Governistas relatam descontentamento com Cartaxo na Câmara

Vereadores dizem que prefeito escalou “espião” para a Casa

Dinho (segundo da esquerda para a direita) acredita que tem havido mal-entendido nas informações repassadas ao Executivo. Foto: Olenildo Nascimento

Quem anda pela Câmara de João Pessoa, com acesso aos gabinetes, tem ouvido críticas ao prefeito Luciano Cartaxo (PSD). As queixas são variadas e vão da não nomeação de aliados à recente, digamos, vigília sobre os vereadores. A relação fisiológica entre os poderes é antiga e difícil de combater de uma hora para outra. Até mesmo a vereadora Raíssa Lacerta, do mesmo partido do prefeito, andou fazendo críticas à não inclusão de aliados na folha. A reclamação atual é considerada mais grave. Eles acusam o prefeito de ter colocado “um leão de chácara” para vigiar os vereadores. O escolhido para a missão foi o secretário adjunto de Articulação Política, José Bezerra.

“Ele tem cercado os vereadores, querendo saber como vão votar neste ou naquele projeto. A gente nunca viveu uma coisa dessas”, disse um parlamentar na condição de sigilo. Sobre o tema, o único que aceitou falar em “on” foi Dinho (PMN), mas reduzindo o peso das queixas. “É um moído querendo saber dessa criação de um fundo para a Câmara Municipal de João Pessoa, mas acho que a informação chegou ao governo e foi mal interpretada”, destacou, alegando que a criação faz parte de uma orientação do Tribunal de Contas do Estado (TCE). Ele disse ainda que, apesar de integrar a base, não aceitaria ninguém pautar o seu mandato.
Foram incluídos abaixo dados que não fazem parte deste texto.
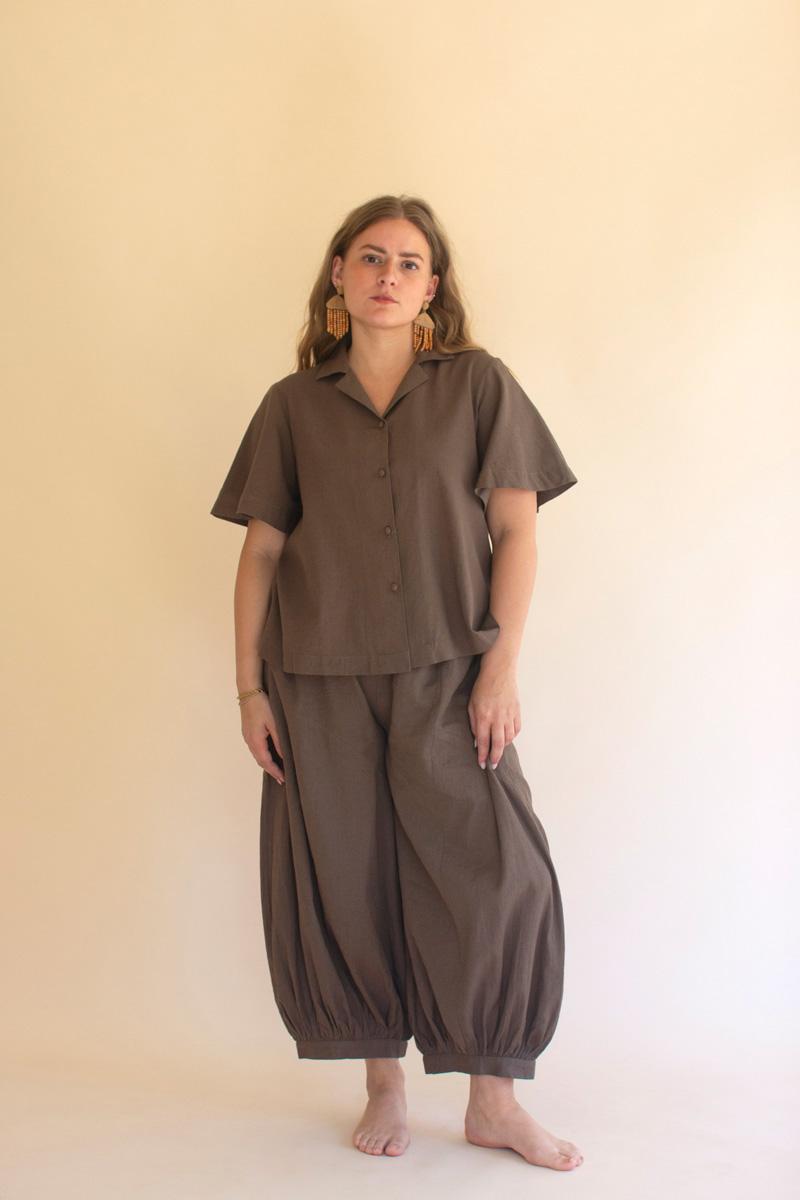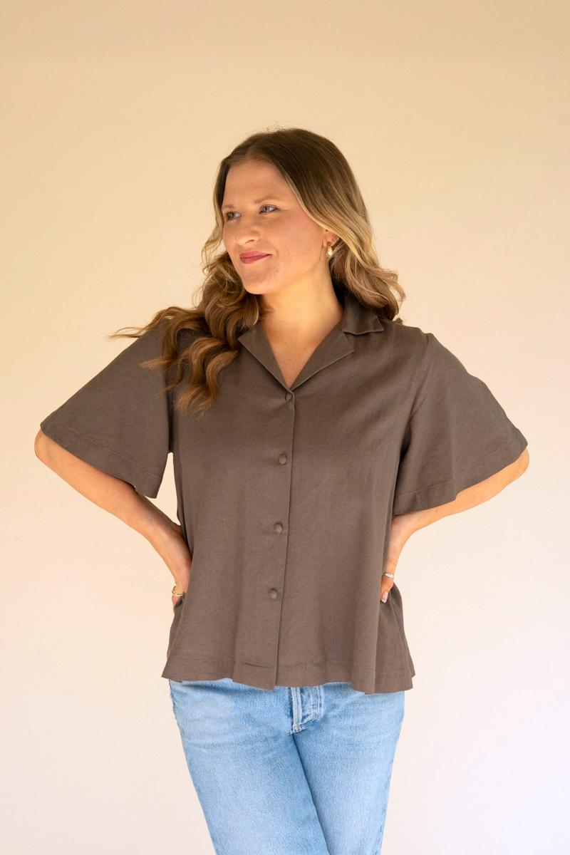 Short Sleeve Buttondown Blouse With Collar Oregano
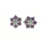 A pair of nice unstamped yellow metal diamond( tested) and garnet stud earrings gross weight 2.38g approx
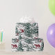 A snowy woodland scene in red and green toile features curious foxes, watchful owls, and fir trees dusted in snow. This vintage inspired Christmas wrapping paper brings a cozy forest feel to your holiday gifts with a touch of rustic charm.
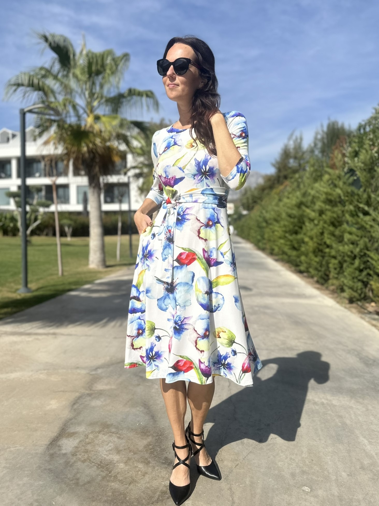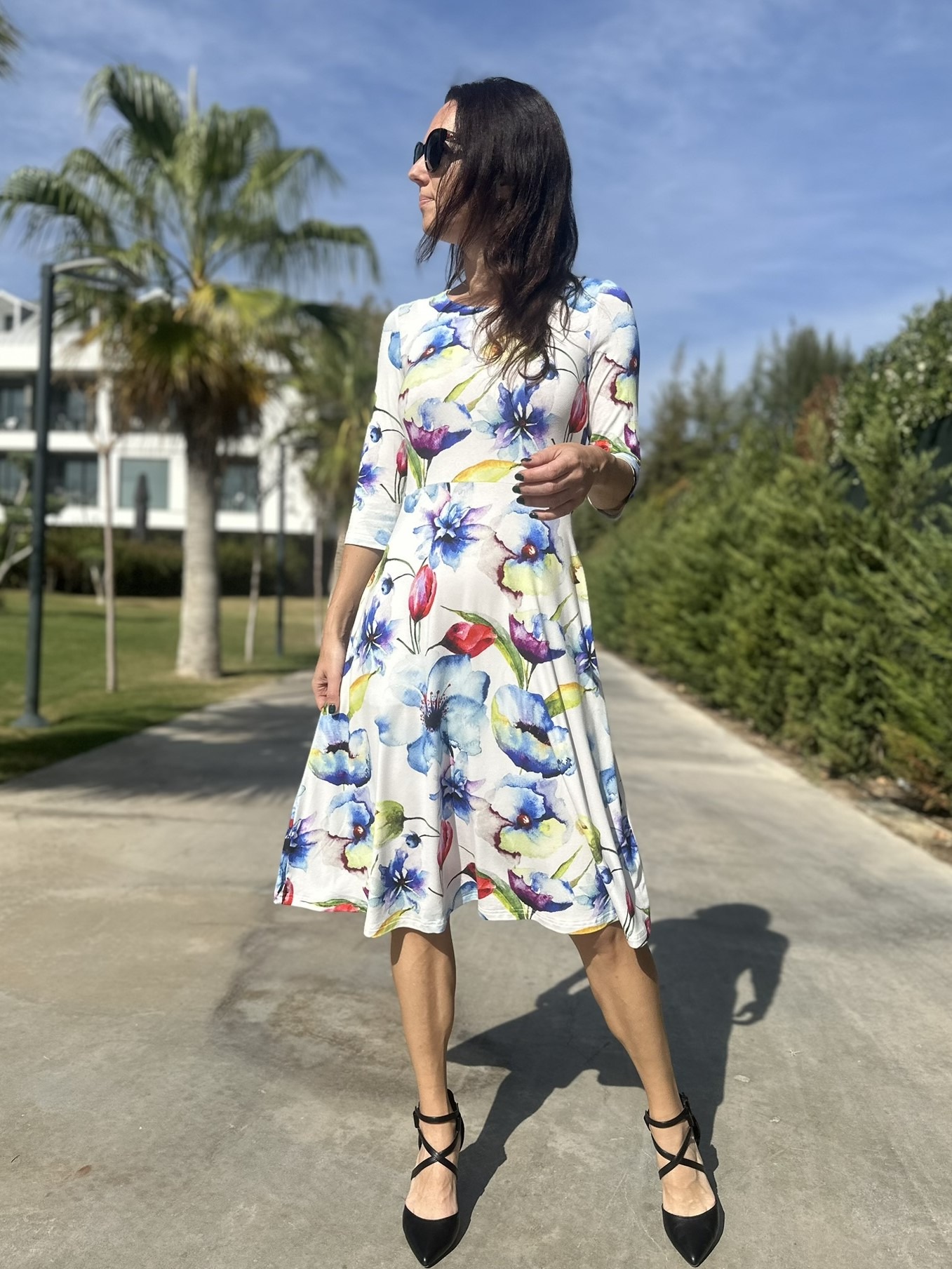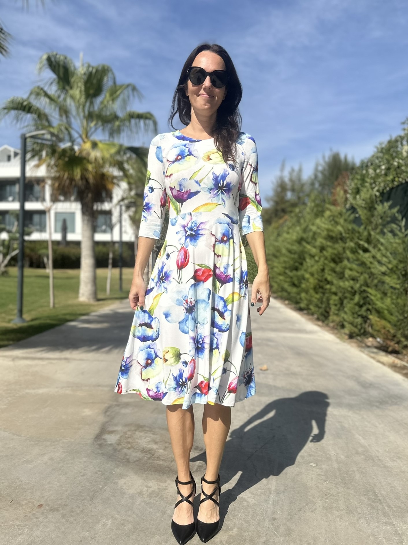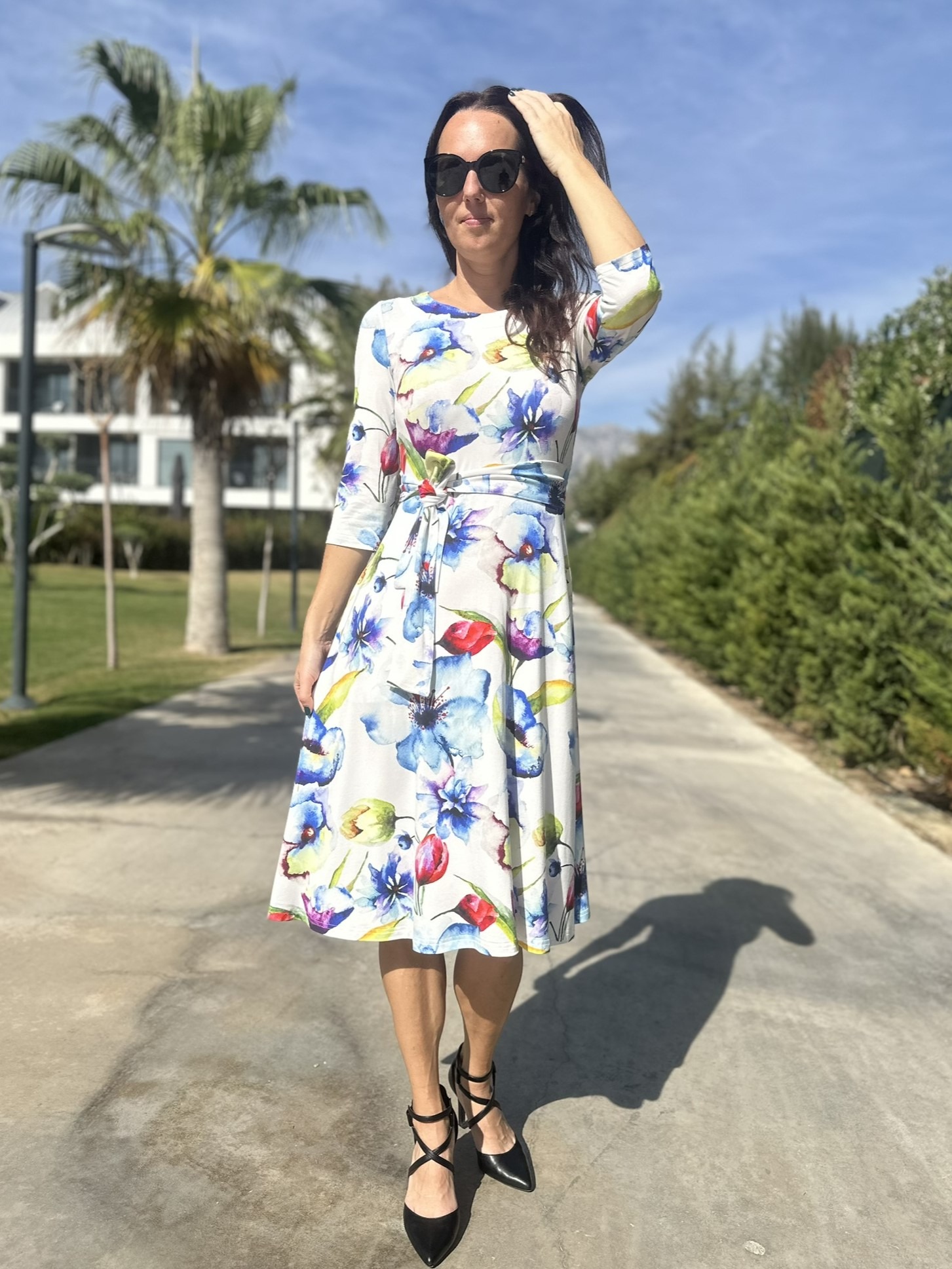 Materjal, mida on kerge hooldada. Toodet võid pesta masinas ja soovi korral triikida. Kuigi reeglina ei ole see vajalik, kuna trikotaaž oma olemuselt pigem ei kortsu. Ära pane toodet pesukuivatisse, kuna selle tagajärjel võib toode märkimisväärselt kokku tõmmata. Modell on 173cm pikk ja kannab kleiti suuruses 36.

O secretário de Comunicação da prefeitura, Josival Pereira, negou interferência do Executivo na discussão do tema. “Se José Bezerra quis se inteirar de alguma coisa, está no papel da articulação política, mas não existe isso de se intrometer nos assuntos do Legislativo”, ressaltou. O fundo em questão, discutido na Câmara de João Pessoa, trata de um artifício para que as obras do duodécimo de um exercício financeiro seja depositado neste fundo para ser utilizado nos próximos. Em tese, isso fará com que o exercício financeiro não se encerre. Por lei, todo o recurso que não for utilizado pelo Legislativo em um exercício deve ser devolvido ao Executivo.

 

comentários - Governistas relatam descontentamento com Cartaxo na Câmara

  1. rubens figueiredo Disse:

    É louvável algumas obras realizadas pela PMJP, como as UPA’s, creches, escolas e casas populares, porém o maior pecado está em alguns bairros, totalmente esquecidos por esta administração, se encontram cheios de buracos, lama, às escuras, com seus terrenos baldios cobertos por mato e lixo e outros. Outro pecado enorme,de todas as administrações (inclusive essa), é colocar pessoas desqualificadas para assumirem determinados cargos sem o mínimo de competência para tal, basta ver nos mercados, cemitérios, postos de saúde e muitos outros. A doença é crônica. Quanto aos vereadores basta um “cala boca”, são todos “compráveis”.